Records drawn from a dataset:
* * * *

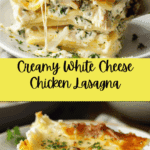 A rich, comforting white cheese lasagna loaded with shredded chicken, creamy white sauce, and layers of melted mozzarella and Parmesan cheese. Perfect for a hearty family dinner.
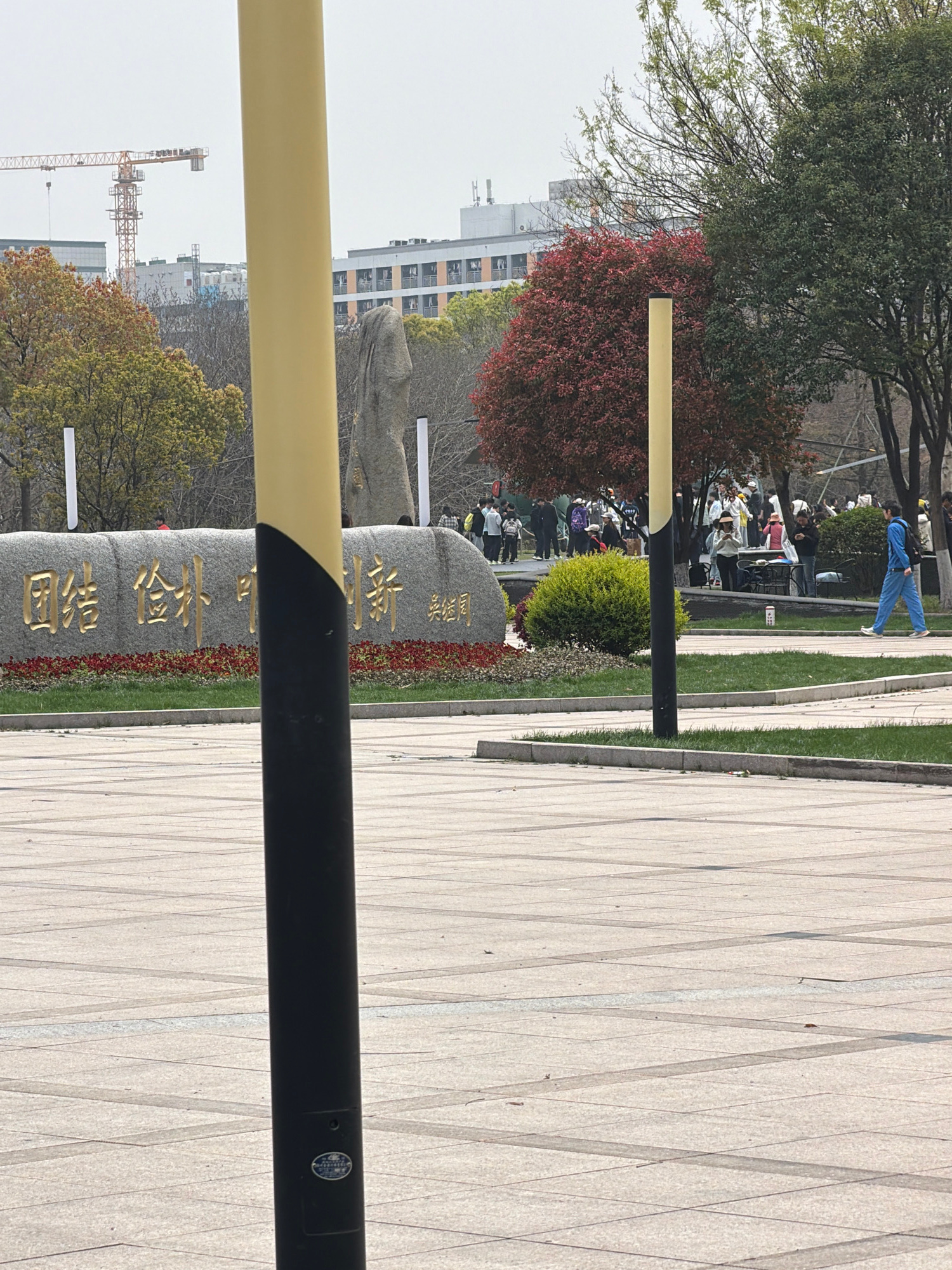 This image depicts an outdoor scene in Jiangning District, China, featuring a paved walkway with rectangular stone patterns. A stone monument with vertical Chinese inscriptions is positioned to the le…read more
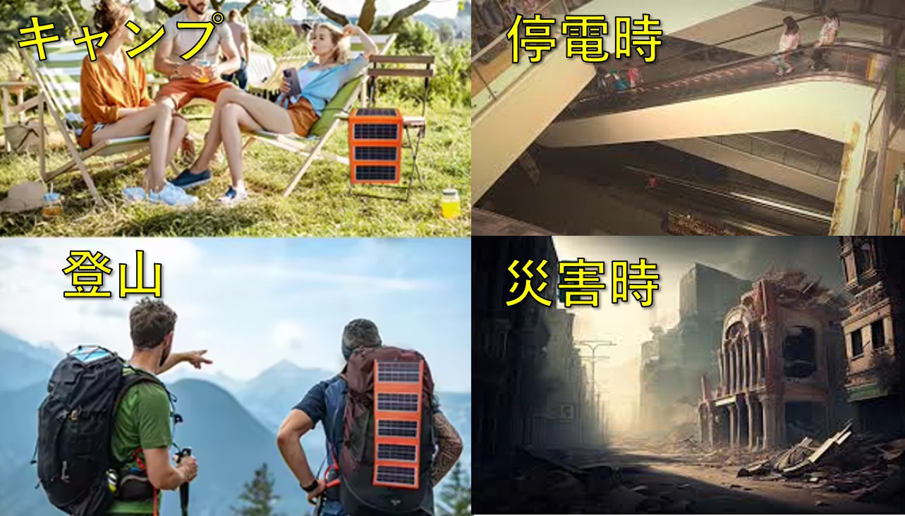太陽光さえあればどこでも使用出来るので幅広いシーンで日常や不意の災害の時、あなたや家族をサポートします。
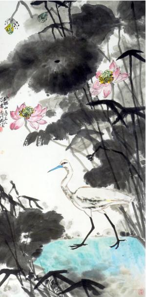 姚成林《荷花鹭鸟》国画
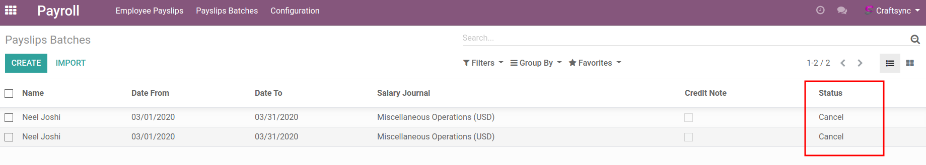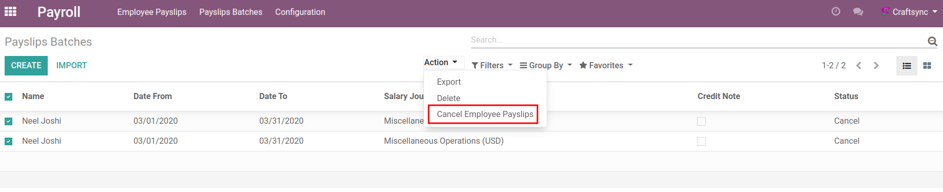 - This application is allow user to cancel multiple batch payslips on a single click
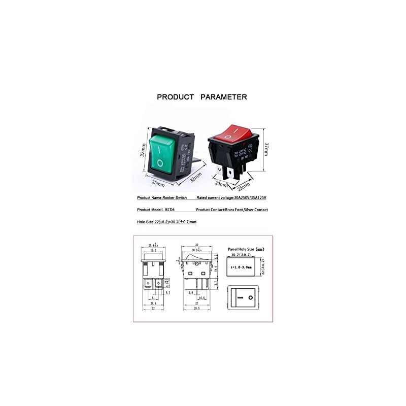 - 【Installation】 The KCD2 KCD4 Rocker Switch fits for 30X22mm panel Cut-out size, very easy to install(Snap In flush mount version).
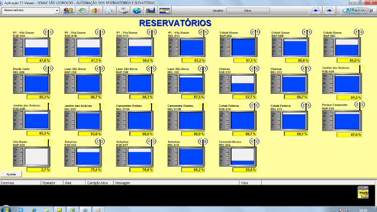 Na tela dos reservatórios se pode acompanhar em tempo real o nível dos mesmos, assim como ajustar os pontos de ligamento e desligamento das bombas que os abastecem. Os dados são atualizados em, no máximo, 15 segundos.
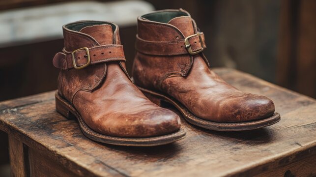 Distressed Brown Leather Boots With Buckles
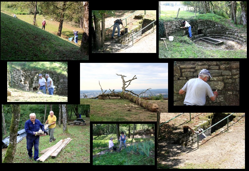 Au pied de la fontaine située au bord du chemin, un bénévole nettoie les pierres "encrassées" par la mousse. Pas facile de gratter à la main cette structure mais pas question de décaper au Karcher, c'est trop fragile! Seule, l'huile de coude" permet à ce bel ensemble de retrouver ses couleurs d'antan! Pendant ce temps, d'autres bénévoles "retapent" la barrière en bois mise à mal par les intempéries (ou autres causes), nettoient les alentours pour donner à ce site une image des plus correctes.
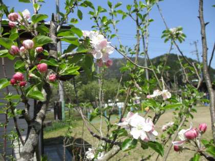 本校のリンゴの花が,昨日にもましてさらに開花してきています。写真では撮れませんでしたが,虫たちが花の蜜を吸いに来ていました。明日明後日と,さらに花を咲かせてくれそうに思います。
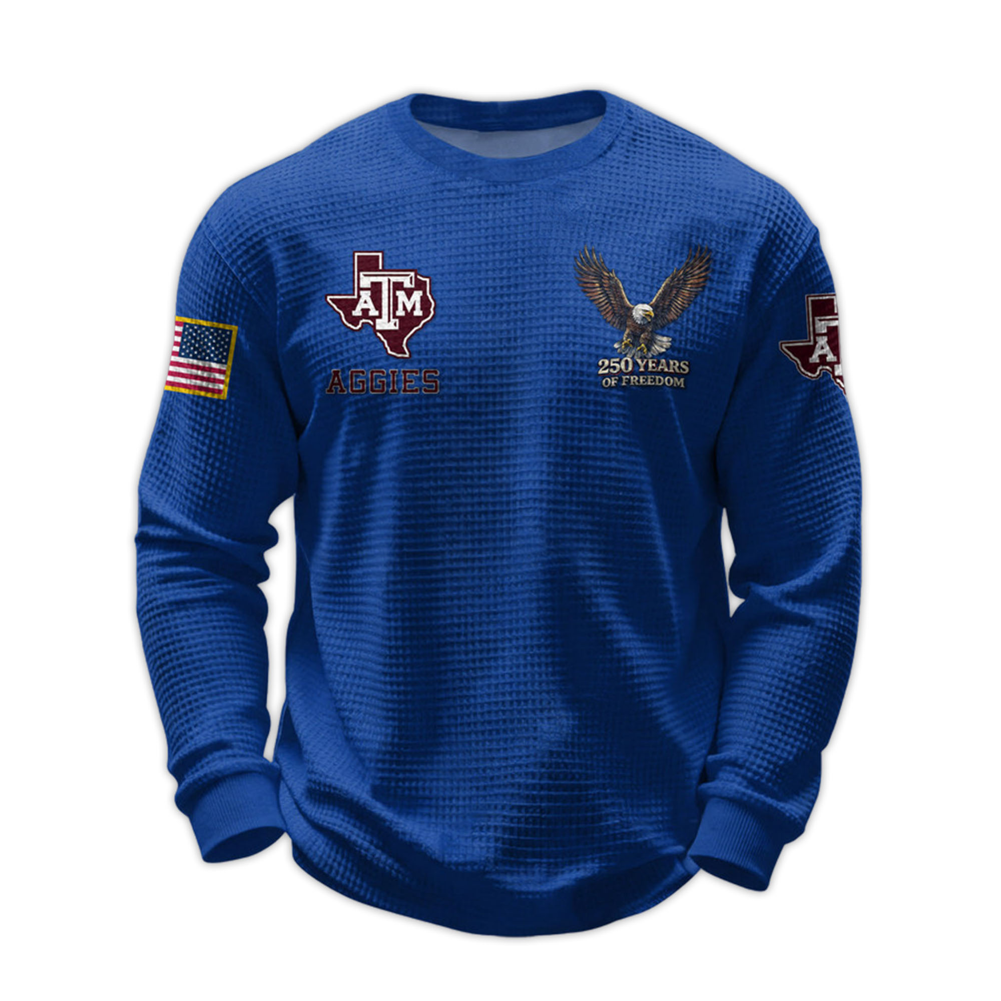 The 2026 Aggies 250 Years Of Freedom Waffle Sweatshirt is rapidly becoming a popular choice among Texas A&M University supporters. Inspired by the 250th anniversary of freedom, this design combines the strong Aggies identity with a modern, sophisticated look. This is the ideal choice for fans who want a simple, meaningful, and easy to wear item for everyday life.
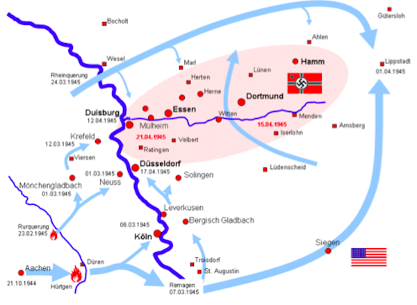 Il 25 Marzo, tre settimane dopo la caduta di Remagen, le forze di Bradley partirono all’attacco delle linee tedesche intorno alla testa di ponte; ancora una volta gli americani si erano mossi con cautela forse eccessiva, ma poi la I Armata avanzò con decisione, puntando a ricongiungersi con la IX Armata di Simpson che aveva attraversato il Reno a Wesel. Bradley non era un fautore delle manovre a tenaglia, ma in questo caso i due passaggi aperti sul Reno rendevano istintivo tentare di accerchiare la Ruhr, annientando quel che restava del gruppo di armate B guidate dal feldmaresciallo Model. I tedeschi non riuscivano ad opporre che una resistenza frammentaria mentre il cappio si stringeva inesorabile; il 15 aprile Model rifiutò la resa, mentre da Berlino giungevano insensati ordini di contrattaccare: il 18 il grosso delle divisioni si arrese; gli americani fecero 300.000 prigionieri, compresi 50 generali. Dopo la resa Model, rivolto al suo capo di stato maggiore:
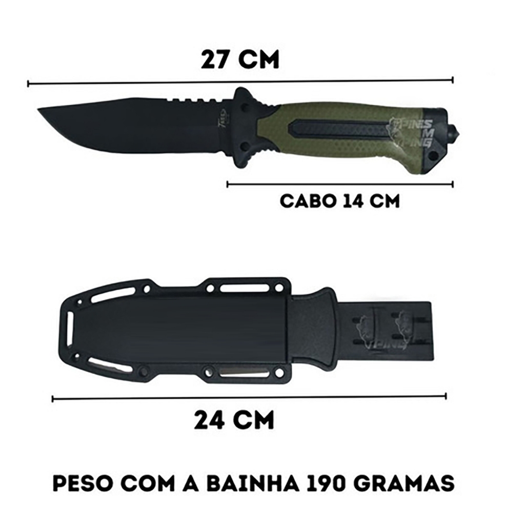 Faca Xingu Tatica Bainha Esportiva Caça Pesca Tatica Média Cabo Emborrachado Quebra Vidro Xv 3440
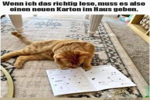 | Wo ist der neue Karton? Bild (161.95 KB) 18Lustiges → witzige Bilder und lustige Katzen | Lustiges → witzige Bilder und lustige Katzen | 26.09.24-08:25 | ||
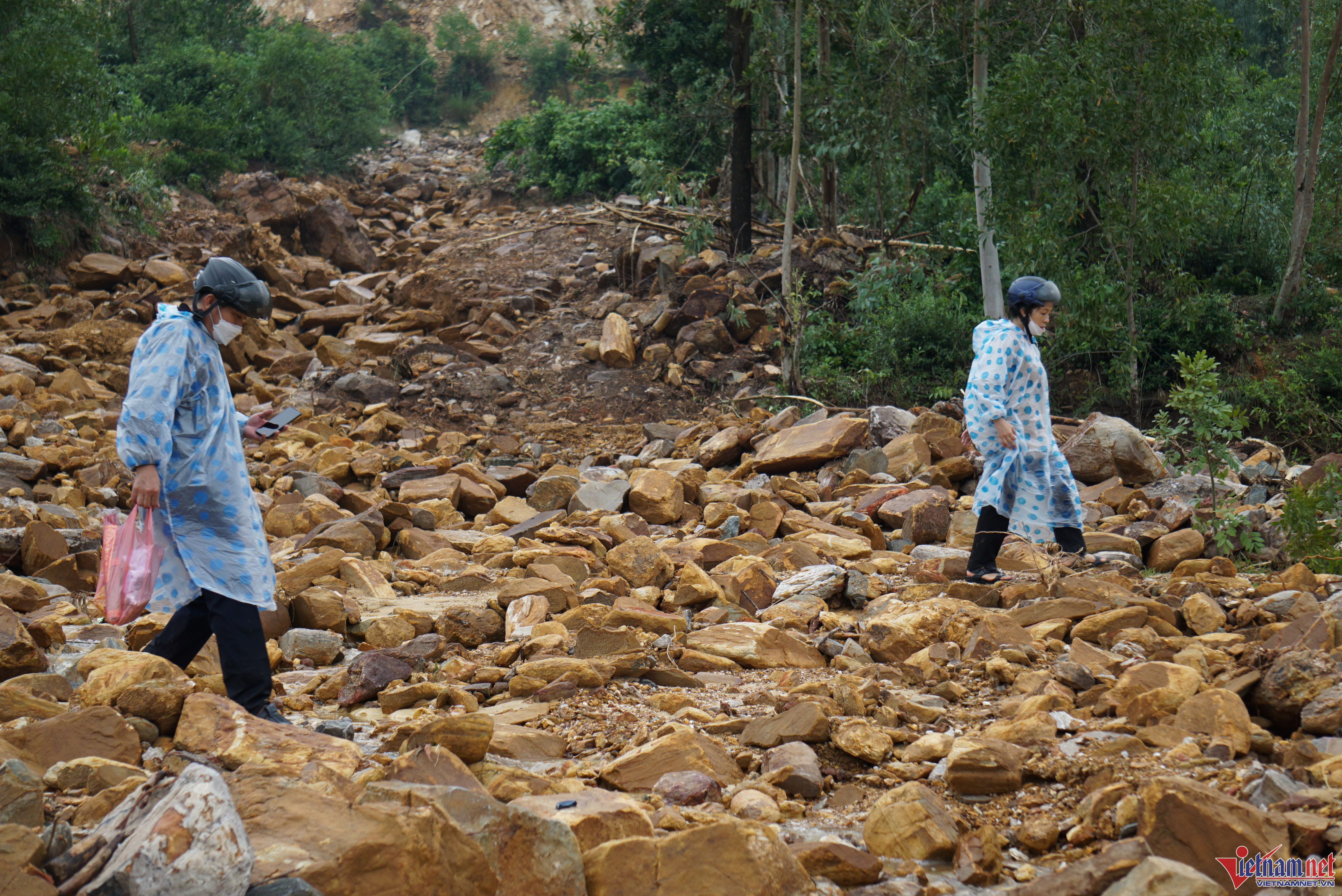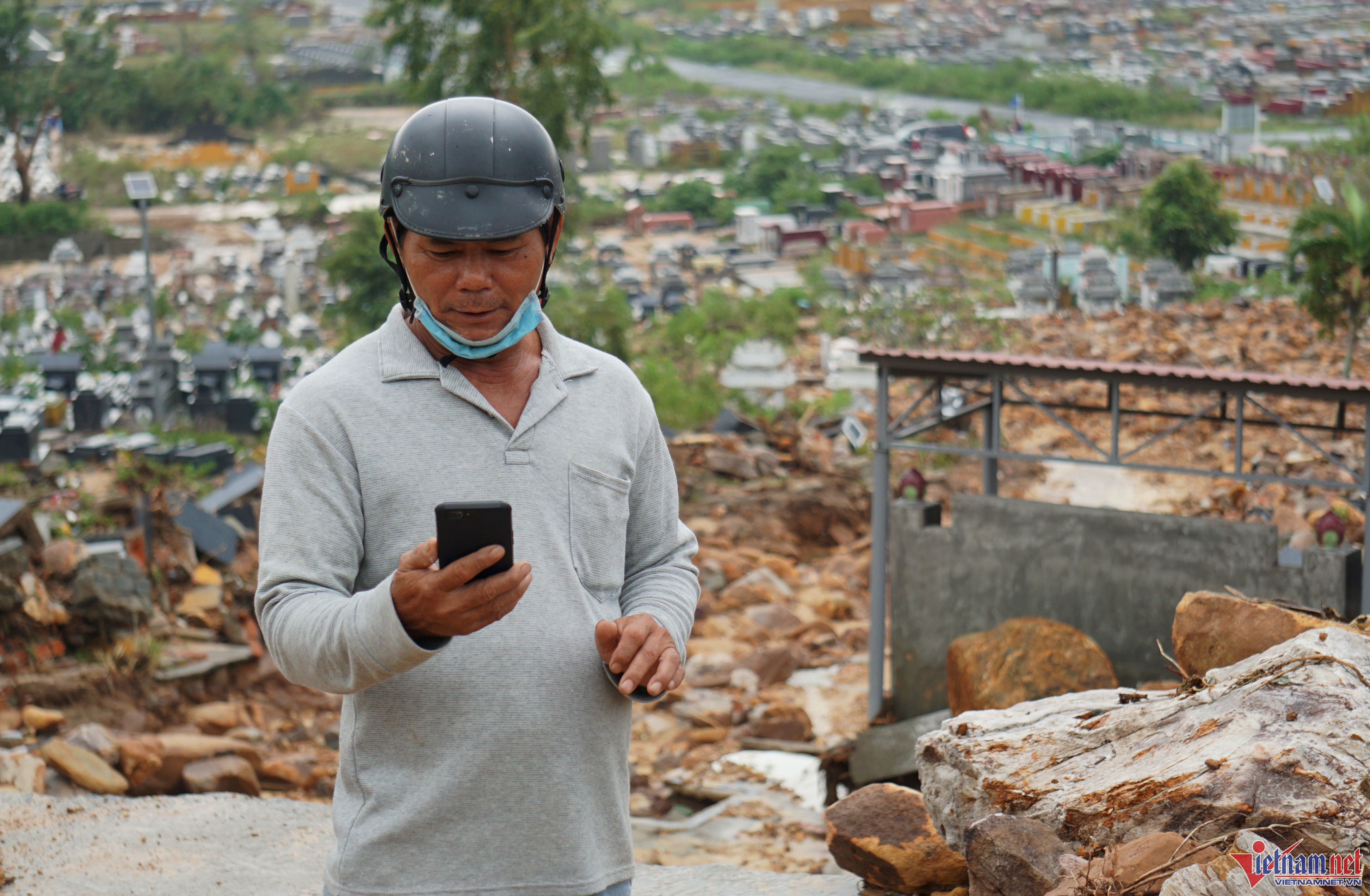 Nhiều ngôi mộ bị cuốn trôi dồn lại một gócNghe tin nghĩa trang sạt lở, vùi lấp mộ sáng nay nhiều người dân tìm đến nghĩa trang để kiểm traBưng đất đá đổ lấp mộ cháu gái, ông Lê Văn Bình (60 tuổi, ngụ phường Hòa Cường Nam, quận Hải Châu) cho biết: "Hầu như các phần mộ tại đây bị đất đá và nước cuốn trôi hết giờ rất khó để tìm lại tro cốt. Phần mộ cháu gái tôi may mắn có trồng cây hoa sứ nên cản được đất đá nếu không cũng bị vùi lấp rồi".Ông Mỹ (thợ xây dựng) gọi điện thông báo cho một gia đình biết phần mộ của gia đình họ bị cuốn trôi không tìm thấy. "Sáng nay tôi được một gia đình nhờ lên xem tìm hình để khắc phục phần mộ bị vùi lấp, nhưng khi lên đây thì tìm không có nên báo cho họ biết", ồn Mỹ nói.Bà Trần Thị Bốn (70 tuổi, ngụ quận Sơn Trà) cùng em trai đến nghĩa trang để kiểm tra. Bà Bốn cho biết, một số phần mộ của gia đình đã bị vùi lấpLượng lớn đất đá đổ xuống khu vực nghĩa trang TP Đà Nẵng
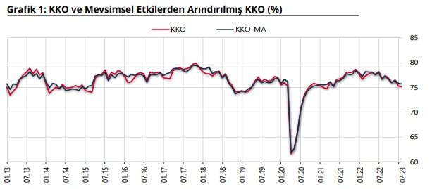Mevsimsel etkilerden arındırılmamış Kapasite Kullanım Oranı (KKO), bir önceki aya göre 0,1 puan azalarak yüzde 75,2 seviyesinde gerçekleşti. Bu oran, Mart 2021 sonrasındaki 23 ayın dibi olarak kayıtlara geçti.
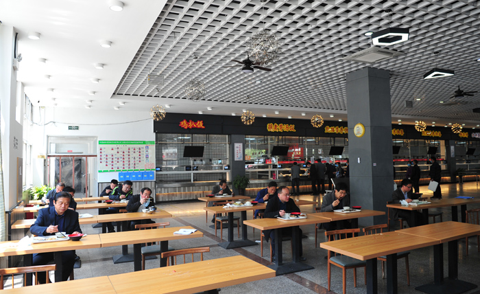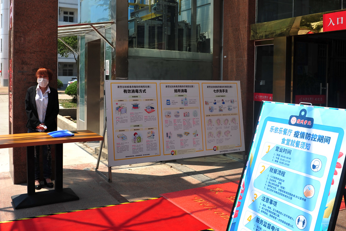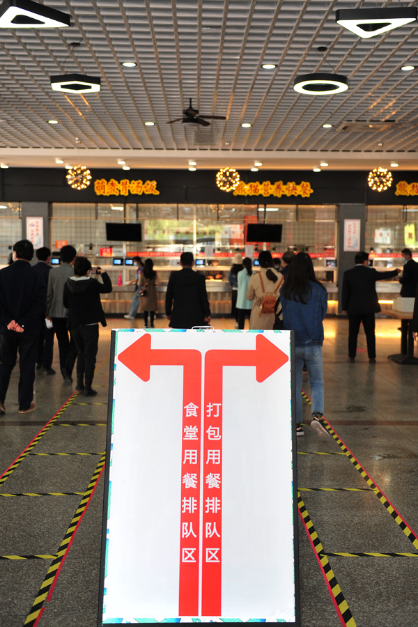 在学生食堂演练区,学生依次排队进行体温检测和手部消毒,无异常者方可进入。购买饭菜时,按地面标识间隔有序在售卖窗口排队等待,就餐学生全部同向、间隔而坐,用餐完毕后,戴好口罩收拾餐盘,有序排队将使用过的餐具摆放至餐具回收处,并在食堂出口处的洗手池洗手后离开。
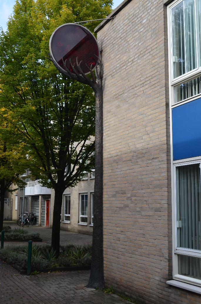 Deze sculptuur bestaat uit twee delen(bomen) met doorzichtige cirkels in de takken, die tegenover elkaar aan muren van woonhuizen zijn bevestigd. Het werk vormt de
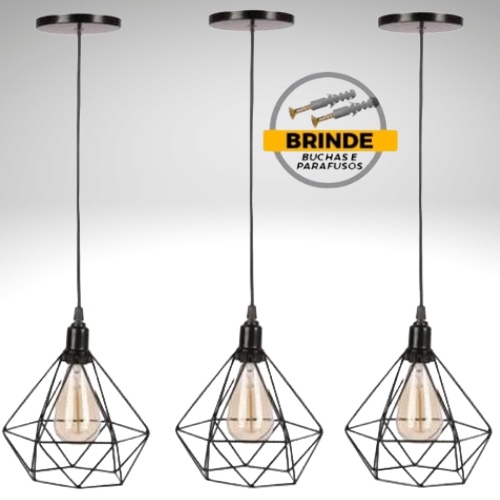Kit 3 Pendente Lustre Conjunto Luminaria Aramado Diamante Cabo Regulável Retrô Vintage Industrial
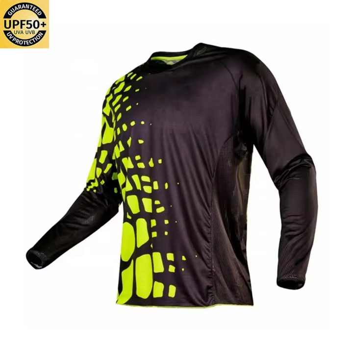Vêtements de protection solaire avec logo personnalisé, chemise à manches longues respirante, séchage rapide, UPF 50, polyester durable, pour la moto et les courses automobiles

* * * *

For this exercise, copy each line of the data above exactly, from the first through the line containing "Na tela dos", and drop the pictures.

 A rich, comforting white cheese lasagna loaded with shredded chicken, creamy white sauce, and layers of melted mozzarella and Parmesan cheese. Perfect for a hearty family dinner.
 This image depicts an outdoor scene in Jiangning District, China, featuring a paved walkway with rectangular stone patterns. A stone monument with vertical Chinese inscriptions is positioned to the le…read more
太陽光さえあればどこでも使用出来るので幅広いシーンで日常や不意の災害の時、あなたや家族をサポートします。
 姚成林《荷花鹭鸟》国画
 - This application is allow user to cancel multiple batch payslips on a single click
 - 【Installation】 The KCD2 KCD4 Rocker Switch fits for 30X22mm panel Cut-out size, very easy to install(Snap In flush mount version).
 Na tela dos reservatórios se pode acompanhar em tempo real o nível dos mesmos, assim como ajustar os pontos de ligamento e desligamento das bombas que os abastecem. Os dados são atualizados em, no máximo, 15 segundos.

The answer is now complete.